Task brief — Pictures are to be left out. Return exactly the lines below from the one with "Арматура для смывного" up to and including the one with "香囊手作区里,阵阵药香伴着欢".

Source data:
#####

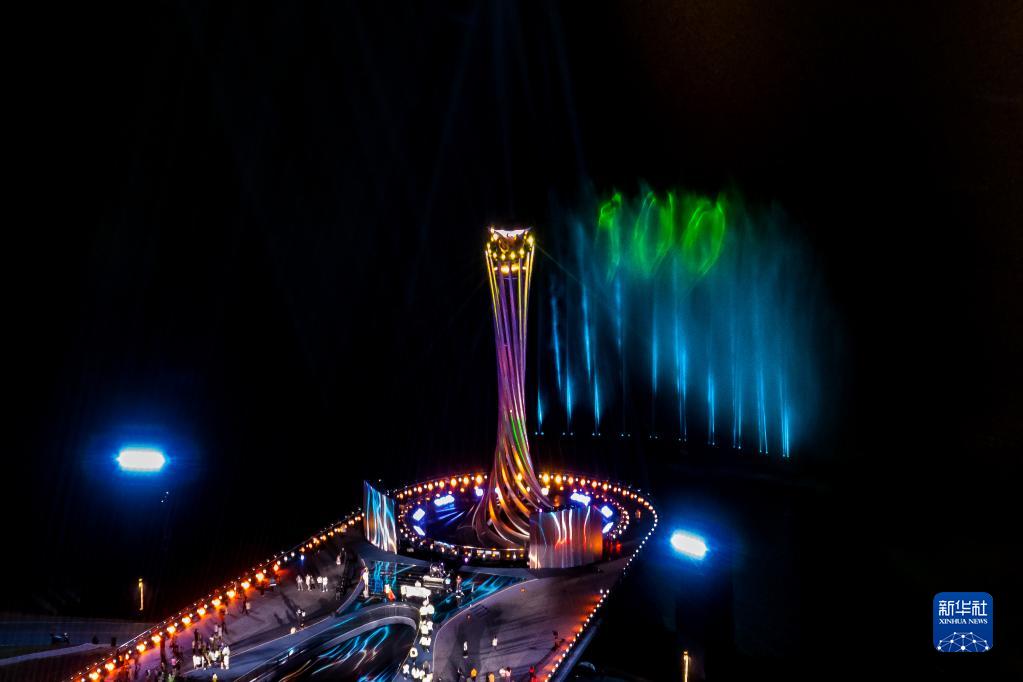 这是4月19日拍摄的第31届世界大学生夏季运动会主火炬以及映在水幕上的“100”字样(无人机照片)。
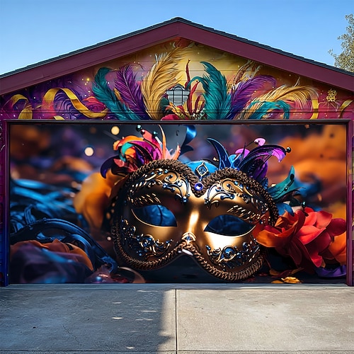 Martedì grasso Copertura per porta del garage Grande appeso Maschera Piume Lusso 3D Vibrante Da serata All'aperto Sfondi di ripresa Porta d'ingresso Stile Carnevale di Venezia Arredamento per la casa
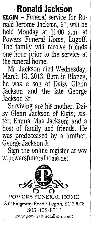 ELGIN – Funeral service for Ronald Jerome Jackson, 61, will be held Monday at 11:00 a.m. at Powers Funeral Home, Lugoff. The family will receive friends one hour prior to the service at the funeral home.
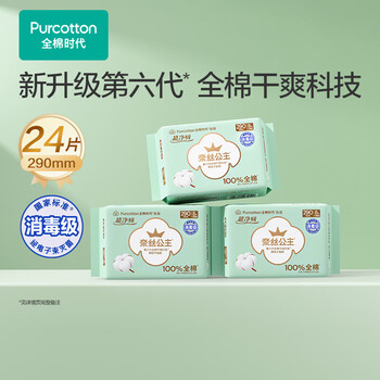 全棉时代【卢昱晓推荐】奈丝公主消毒级超净吸日夜用卫生巾3包(290*24p)
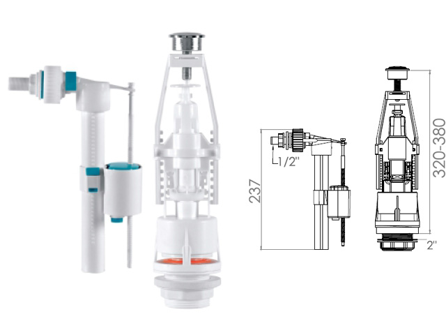 Арматура для смывного бачка с клапаном боковой подачи, NOVA
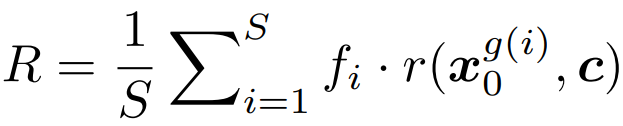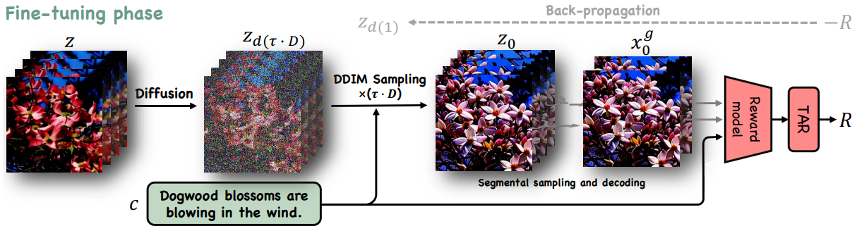 생성된 비디오 x0g를 각 segment로 나누고 프레임을 균일하게 샘플링하여 보상 r을 집계한다.
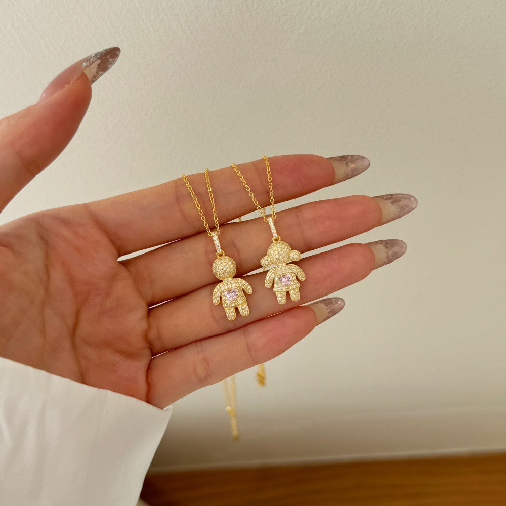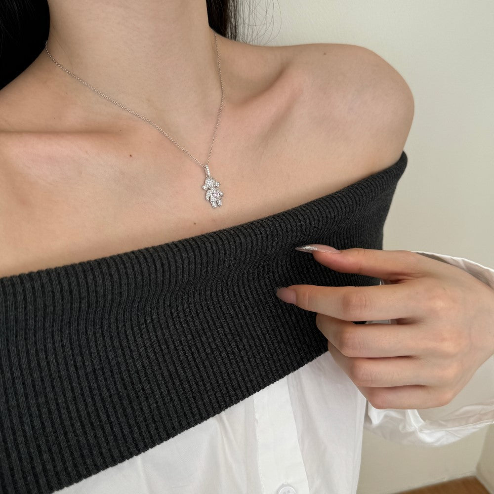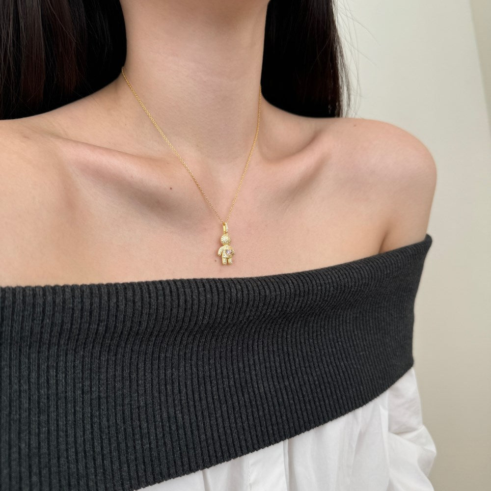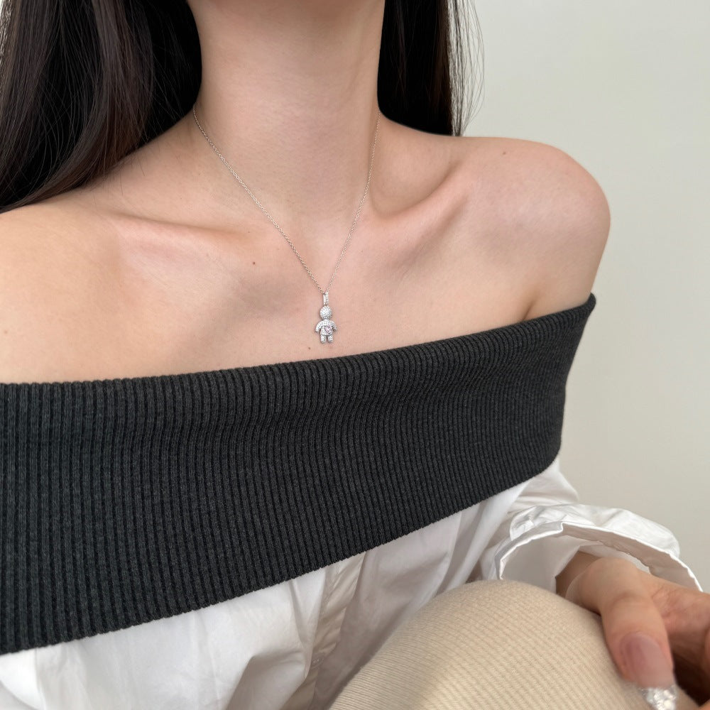 925 Sterling Silver Zircon cable chain Plating Cartoon Character Pendant Necklace
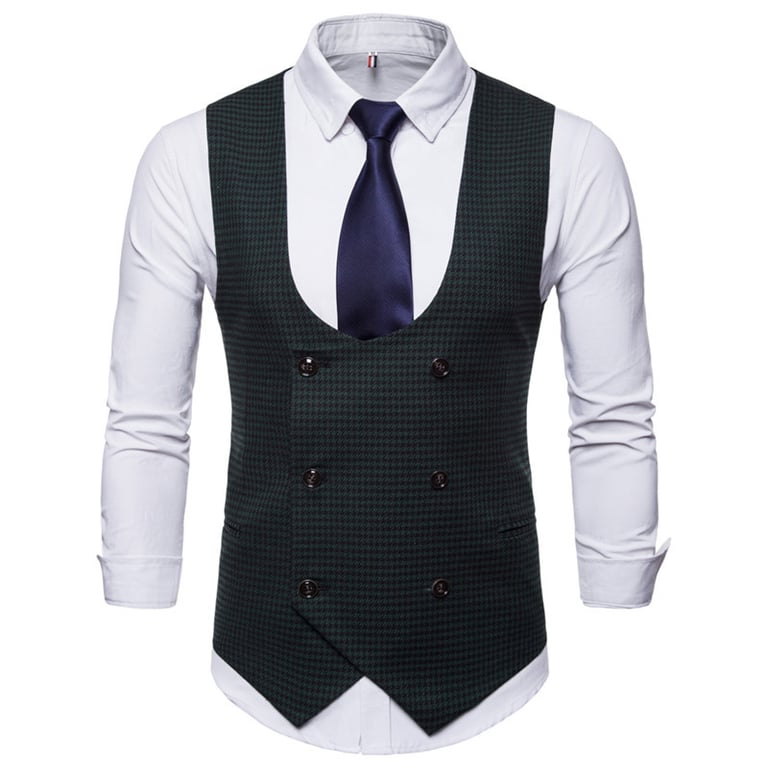 Men's long-sleeved shirt with a collar and tie. The shirt is complemented by a waistcoat with a checked pattern and double-breasted fastening. Fitted cut. Available in multiple colour variants.
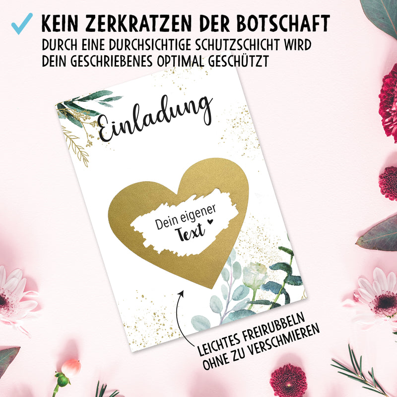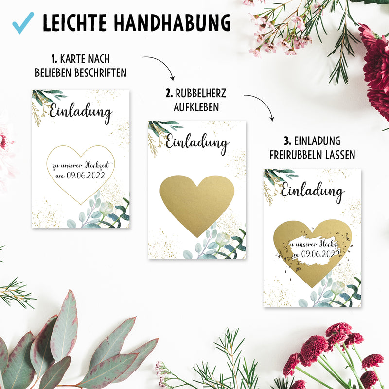 5 Rubbelkarten Einladungen zur Hochzeit Karte mit Rubbelherz Gold Geschenke Geschenkideen als Einladungskarte zur Hochzeit & Verlobung
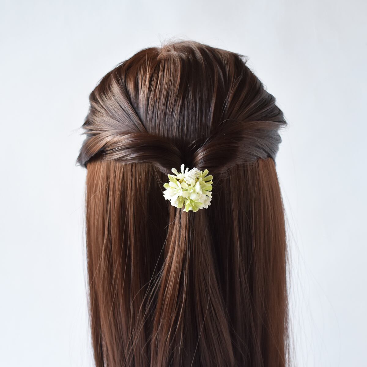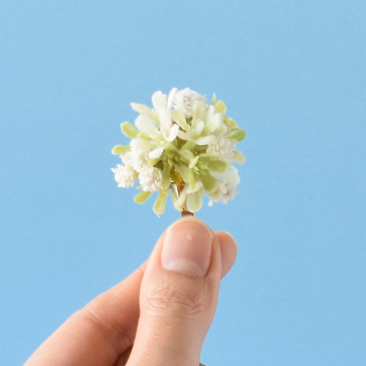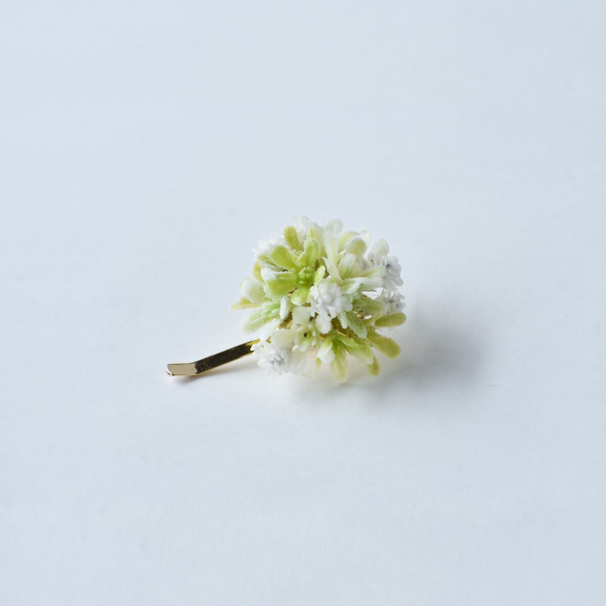 お花のポニーフック ベビーフラワー ライトグリーン×カスミ草 大人の髪飾り
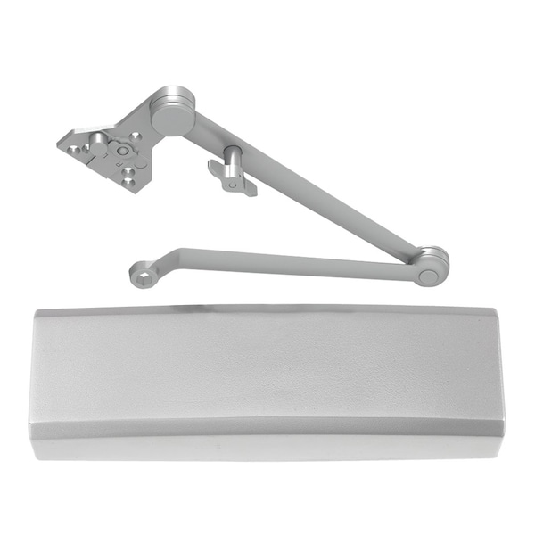 4050A Series Grade 1 Door Closer, Hold Open Cush-N-Stop Arm, Push Side Mounting, 110 Degree Swing, Adjustable Size 1 to 6 Set to 3, Plastic Cover, Special Rust Inhibitor, Non-Handed, Aluminum Painted Finish
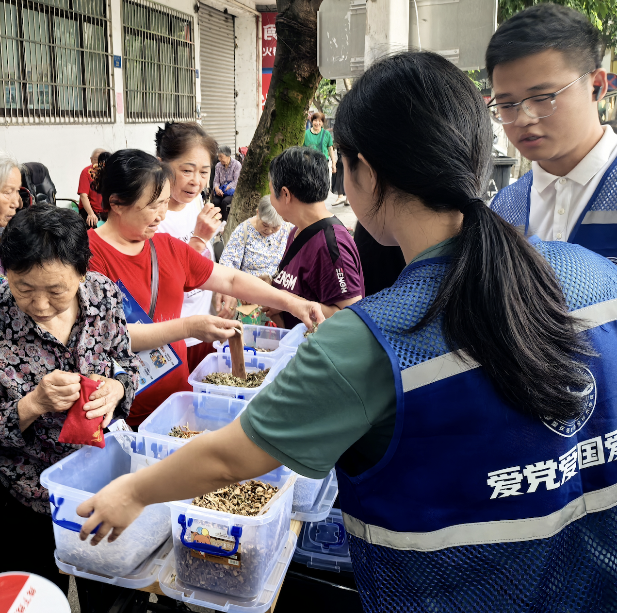 香囊手作区里,阵阵药香伴着欢声笑语。志愿者们和居民围坐在一起,穿针引线、填充香料,一个个精致的香囊在手中诞生。大家边做手工边聊家常,分享着生活中的趣事,浓浓的温情在指尖流转。
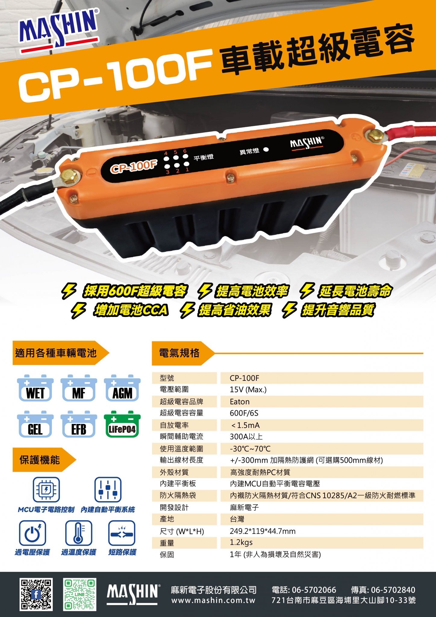 CP-100F主要採用高於市場上同功能的車載超級電容,更大的法拉數(100F),可以提高更有效的提供瞬間啟動電流,並且100法拉的容量對於直流電線路內的雜訊濾波效應更好。在內部設有MCU進行了電容平衡、溫度保護、過電壓保護機能,可以防止各種可能意外狀況的發生。並且採用了防火隔離袋安裝,可以降低引擎室的高溫進入超級電容內導致觸發溫度保護啟動(防火隔離袋符合國家ISO耐燃等級1級並具有防震效能) 。

#####

Output of the task —
 Арматура для смывного бачка с клапаном боковой подачи, NOVA
 생성된 비디오 x0g를 각 segment로 나누고 프레임을 균일하게 샘플링하여 보상 r을 집계한다.
 925 Sterling Silver Zircon cable chain Plating Cartoon Character Pendant Necklace
 Men's long-sleeved shirt with a collar and tie. The shirt is complemented by a waistcoat with a checked pattern and double-breasted fastening. Fitted cut. Available in multiple colour variants.
 5 Rubbelkarten Einladungen zur Hochzeit Karte mit Rubbelherz Gold Geschenke Geschenkideen als Einladungskarte zur Hochzeit & Verlobung
 お花のポニーフック ベビーフラワー ライトグリーン×カスミ草 大人の髪飾り
 4050A Series Grade 1 Door Closer, Hold Open Cush-N-Stop Arm, Push Side Mounting, 110 Degree Swing, Adjustable Size 1 to 6 Set to 3, Plastic Cover, Special Rust Inhibitor, Non-Handed, Aluminum Painted Finish
 香囊手作区里,阵阵药香伴着欢声笑语。志愿者们和居民围坐在一起,穿针引线、填充香料,一个个精致的香囊在手中诞生。大家边做手工边聊家常,分享着生活中的趣事,浓浓的温情在指尖流转。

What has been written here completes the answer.